Nonprofit educational organization

American INSIGHT is a 501(c)(3) nonprofit educational organization registered based in Philadelphia, Pennsylvania.

== History ==
American INSIGHT was founded in 1983 under the original name of the American Poetry Center to promote free speech and the spoken word. Its success in Pennsylvania led to the creation of National Poetry Month. The organization legally changed its name to American INSIGHT in 2005.
American INSIGHT’s mission is to promote the history and values of Free Speech, Human Rights, and the Rule of Law - and to empower students to use their voice to discuss how these values emerge in societies around the world through the lens of independent filmmakers.

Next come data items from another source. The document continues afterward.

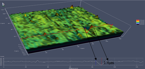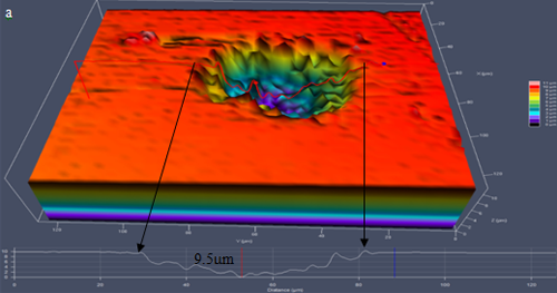 铜绿假单胞菌共培养14天后,去除腐蚀产物及细菌生物膜后所找到的最深点蚀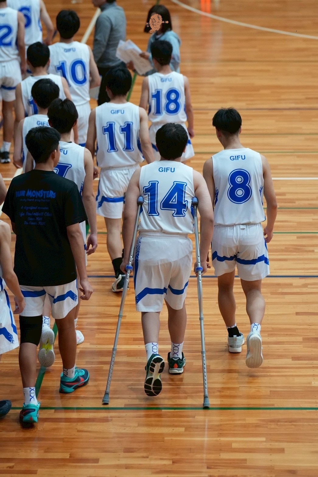 松葉杖をはずし、みんなの声援を受けながら凛とした姿でコートに立ち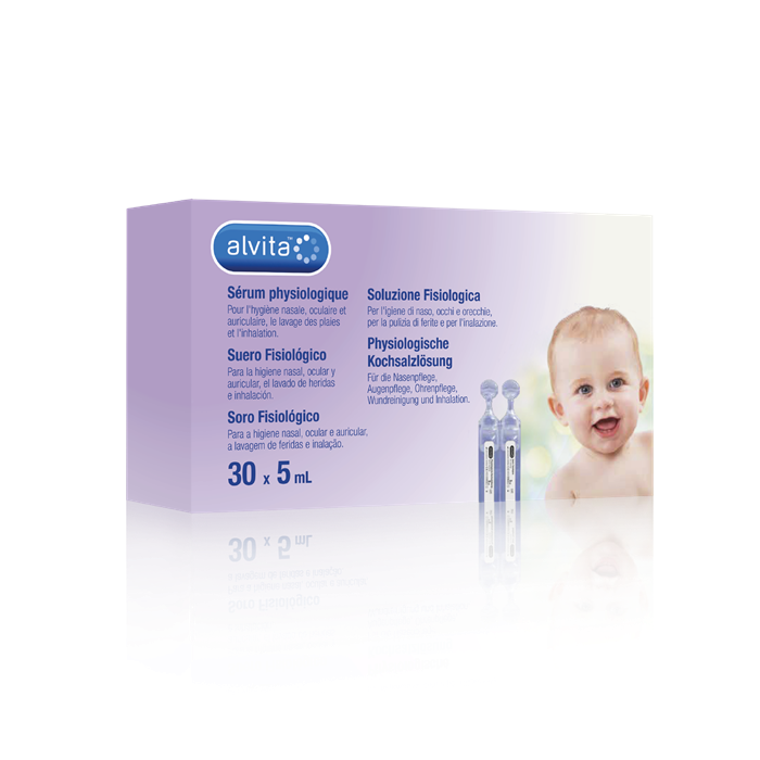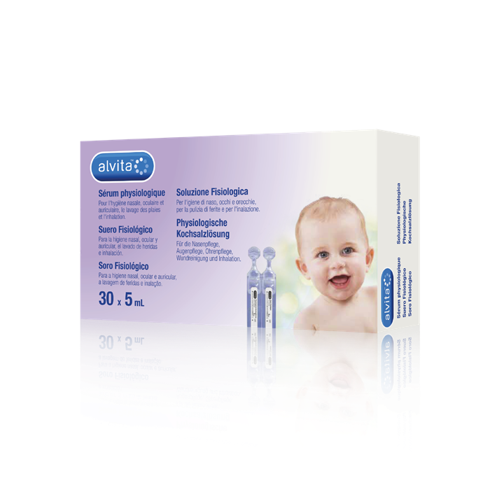 El Suero fisiológico Alvita es una solución isotónica estéril de cloruro de sodio al 0,9% en ampollas monodosis para la higiene de los ojos, la nariz, los oídos, el lavado de heridas y para inhalación. Está recomendado para bebés, n...iños y adultos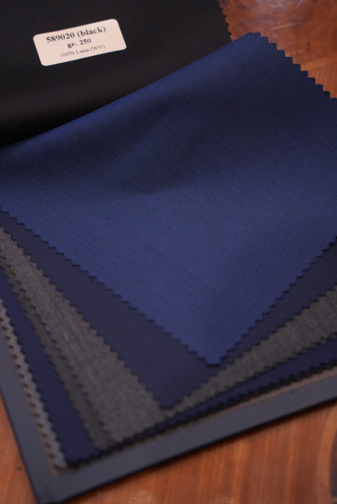 光沢があり滑らかでサラッとしているイタリアンファブリック、ハリ、コシがありしっかりした生地のブリティッシュファブリック。

== Free Speech Film Festival ==
American INSIGHT facilitates an annual Free Speech Film Festival that highlights prominent voices associated with global Human Rights. It welcomes submissions from independent filmmakers with films that present unique perspectives that highlight the fight against injustice, and are meant to engage the global community in deeper conversations about Free Speech, Human Rights, and the Rule of Law around the world.

- Philadelphia Citizen Review of 2022 Free Speech Film Festival

== Educational Outreach ==
American INSIGHT works with local universities to extend Free Speech awareness and skills. Additionally, it recently developed a Free Speech online course, Make History Every Day, to strengthen evidence and documentation based education and communication skills in the foundational areas of Free Speech, Human Rights, and the Rule of Law. The course exposes students to the techniques, issues, and the work of current global documentary filmmakers engaged in these areas.